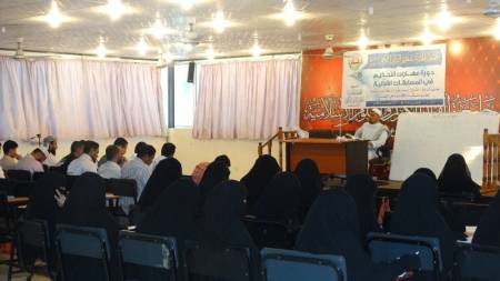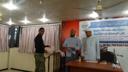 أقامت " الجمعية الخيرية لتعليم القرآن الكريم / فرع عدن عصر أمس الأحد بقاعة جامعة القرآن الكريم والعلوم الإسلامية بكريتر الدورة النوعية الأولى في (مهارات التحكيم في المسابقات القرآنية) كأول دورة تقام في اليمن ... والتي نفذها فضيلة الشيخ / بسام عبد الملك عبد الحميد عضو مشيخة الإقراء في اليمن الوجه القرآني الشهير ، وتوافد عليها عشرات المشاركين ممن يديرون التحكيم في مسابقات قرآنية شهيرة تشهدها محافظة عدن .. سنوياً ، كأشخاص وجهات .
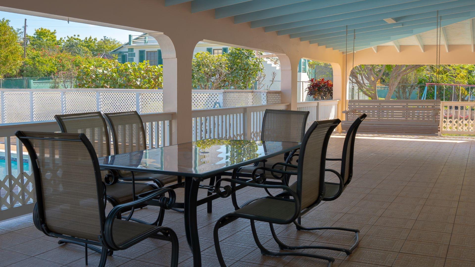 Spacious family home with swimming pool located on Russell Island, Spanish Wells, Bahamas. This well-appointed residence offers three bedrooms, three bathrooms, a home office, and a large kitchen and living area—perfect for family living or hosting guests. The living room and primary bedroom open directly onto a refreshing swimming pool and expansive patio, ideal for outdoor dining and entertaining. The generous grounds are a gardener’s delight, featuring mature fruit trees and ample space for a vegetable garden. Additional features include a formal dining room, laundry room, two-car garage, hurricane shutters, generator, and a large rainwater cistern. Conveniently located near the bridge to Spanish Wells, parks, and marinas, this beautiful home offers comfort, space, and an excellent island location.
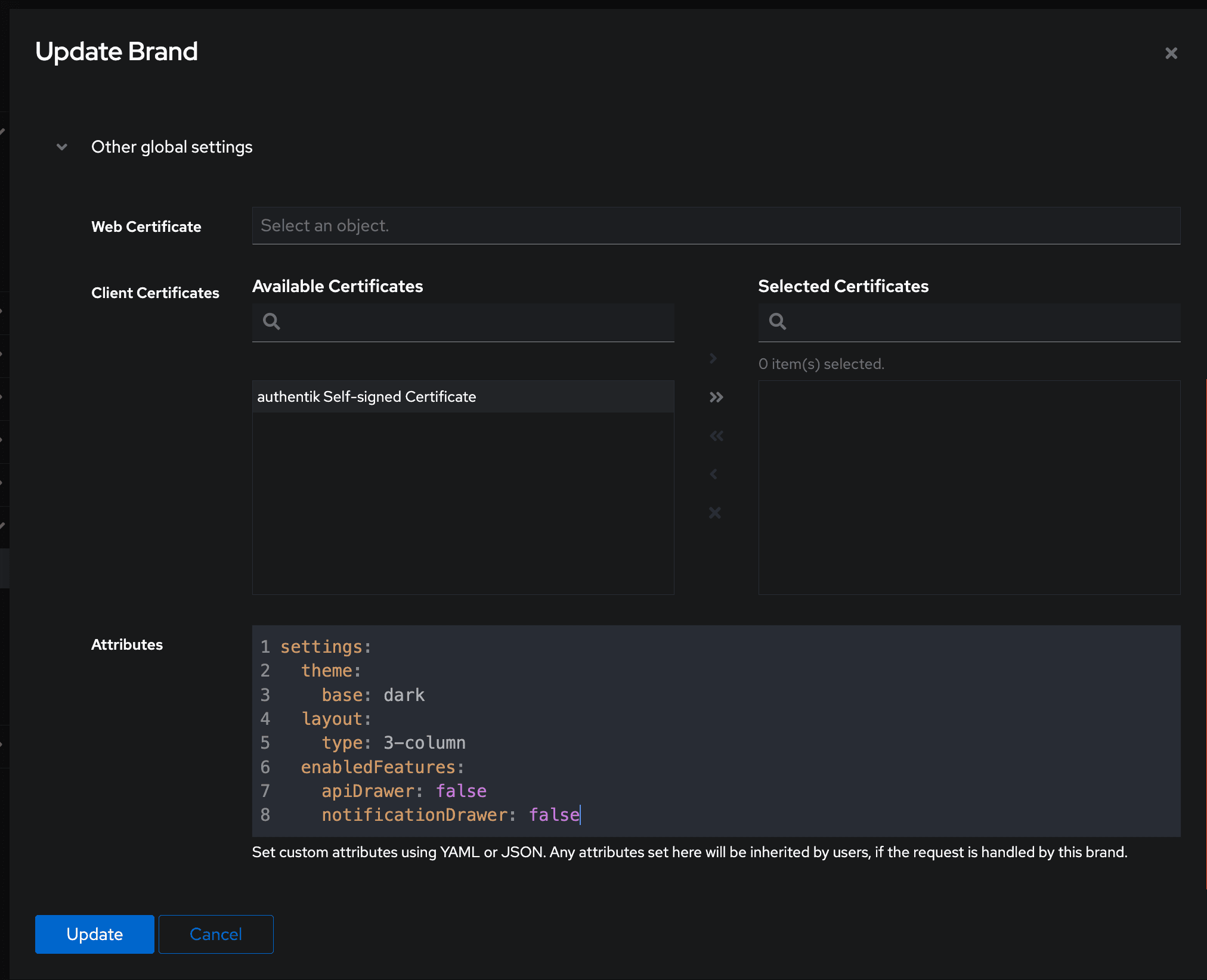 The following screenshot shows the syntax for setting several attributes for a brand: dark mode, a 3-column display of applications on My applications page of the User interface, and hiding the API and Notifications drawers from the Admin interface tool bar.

+--

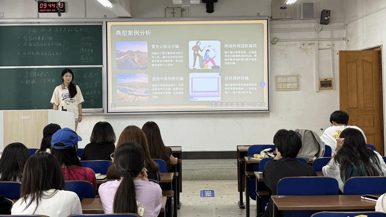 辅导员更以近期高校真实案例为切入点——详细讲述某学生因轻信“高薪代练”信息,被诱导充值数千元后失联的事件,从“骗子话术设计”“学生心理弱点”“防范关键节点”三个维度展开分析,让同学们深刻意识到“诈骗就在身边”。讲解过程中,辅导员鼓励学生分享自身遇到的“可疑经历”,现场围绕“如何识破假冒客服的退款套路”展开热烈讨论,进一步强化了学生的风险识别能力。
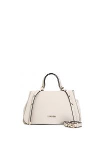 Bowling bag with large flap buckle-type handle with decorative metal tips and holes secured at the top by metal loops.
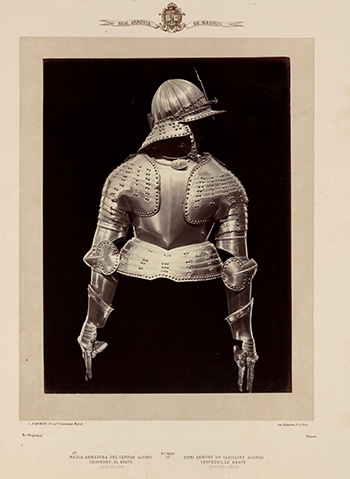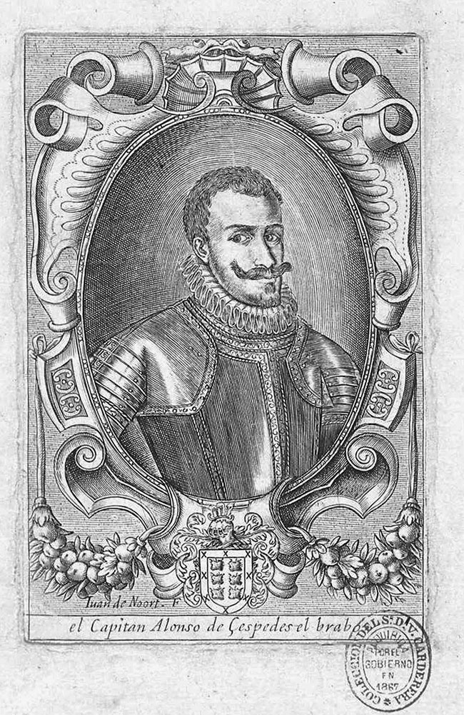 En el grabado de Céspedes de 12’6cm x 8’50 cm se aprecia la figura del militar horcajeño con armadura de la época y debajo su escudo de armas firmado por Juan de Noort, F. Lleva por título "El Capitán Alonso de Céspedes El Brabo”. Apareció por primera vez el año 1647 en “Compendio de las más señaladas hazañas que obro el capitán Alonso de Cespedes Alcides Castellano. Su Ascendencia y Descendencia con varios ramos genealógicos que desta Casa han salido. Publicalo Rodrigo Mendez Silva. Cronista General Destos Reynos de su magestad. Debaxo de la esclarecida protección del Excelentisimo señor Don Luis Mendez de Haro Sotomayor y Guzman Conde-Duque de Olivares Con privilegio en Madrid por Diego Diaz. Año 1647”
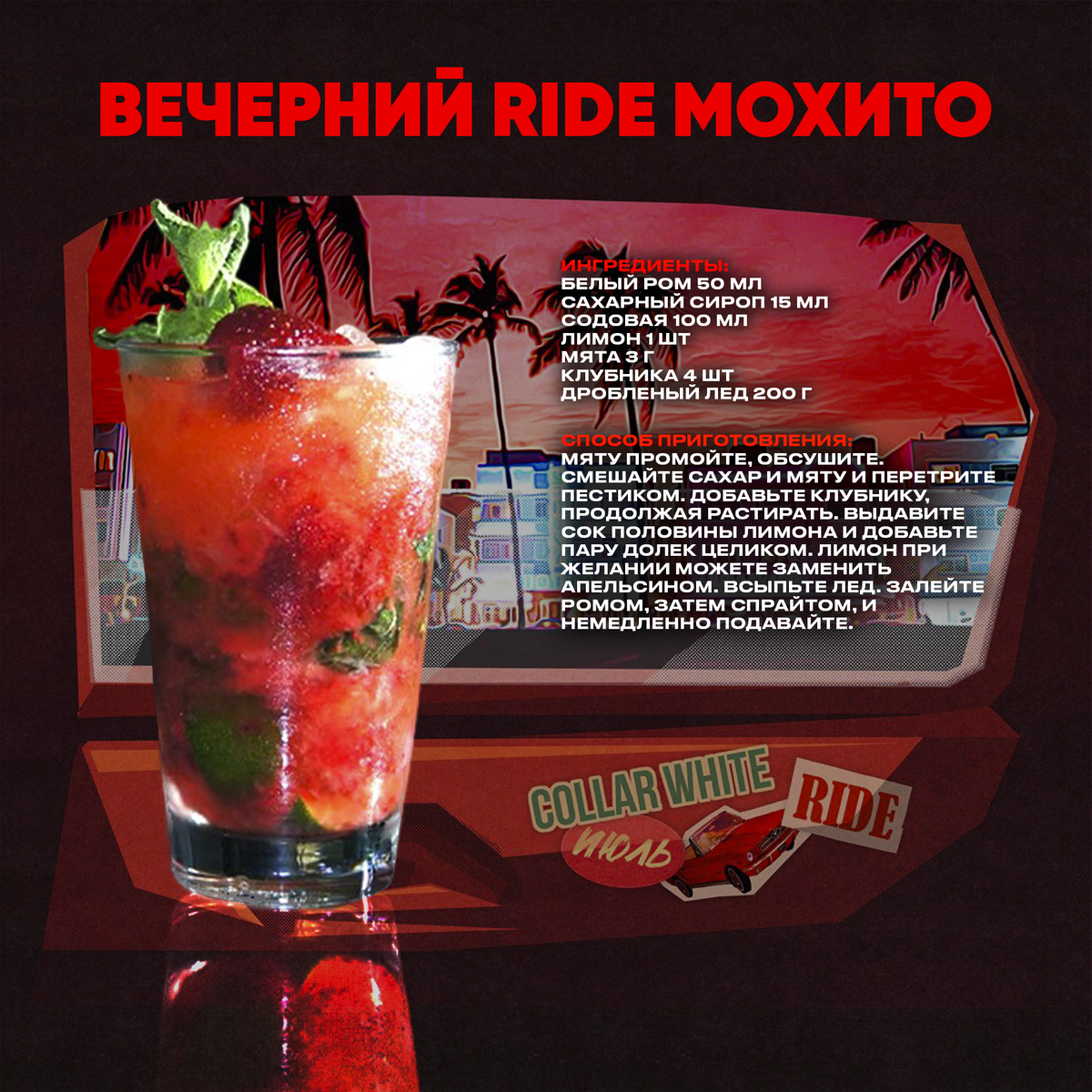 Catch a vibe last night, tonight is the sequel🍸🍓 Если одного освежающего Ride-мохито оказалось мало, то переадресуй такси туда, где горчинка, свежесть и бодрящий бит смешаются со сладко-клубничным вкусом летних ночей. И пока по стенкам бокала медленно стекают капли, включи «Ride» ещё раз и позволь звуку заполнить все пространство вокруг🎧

+--

**Exercise description**:
Lines from the one above containing "辅导员更以近期高校真实案例为" down to the one containing "Catch a vibe" should be transcribed exactly, with both ends kept and no pictures.

**Response to the task**:
 辅导员更以近期高校真实案例为切入点——详细讲述某学生因轻信“高薪代练”信息,被诱导充值数千元后失联的事件,从“骗子话术设计”“学生心理弱点”“防范关键节点”三个维度展开分析,让同学们深刻意识到“诈骗就在身边”。讲解过程中,辅导员鼓励学生分享自身遇到的“可疑经历”,现场围绕“如何识破假冒客服的退款套路”展开热烈讨论,进一步强化了学生的风险识别能力。
 Bowling bag with large flap buckle-type handle with decorative metal tips and holes secured at the top by metal loops.
 En el grabado de Céspedes de 12’6cm x 8’50 cm se aprecia la figura del militar horcajeño con armadura de la época y debajo su escudo de armas firmado por Juan de Noort, F. Lleva por título "El Capitán Alonso de Céspedes El Brabo”. Apareció por primera vez el año 1647 en “Compendio de las más señaladas hazañas que obro el capitán Alonso de Cespedes Alcides Castellano. Su Ascendencia y Descendencia con varios ramos genealógicos que desta Casa han salido. Publicalo Rodrigo Mendez Silva. Cronista General Destos Reynos de su magestad. Debaxo de la esclarecida protección del Excelentisimo señor Don Luis Mendez de Haro Sotomayor y Guzman Conde-Duque de Olivares Con privilegio en Madrid por Diego Diaz. Año 1647”
 Catch a vibe last night, tonight is the sequel🍸🍓 Если одного освежающего Ride-мохито оказалось мало, то переадресуй такси туда, где горчинка, свежесть и бодрящий бит смешаются со сладко-клубничным вкусом летних ночей. И пока по стенкам бокала медленно стекают капли, включи «Ride» ещё раз и позволь звуку заполнить все пространство вокруг🎧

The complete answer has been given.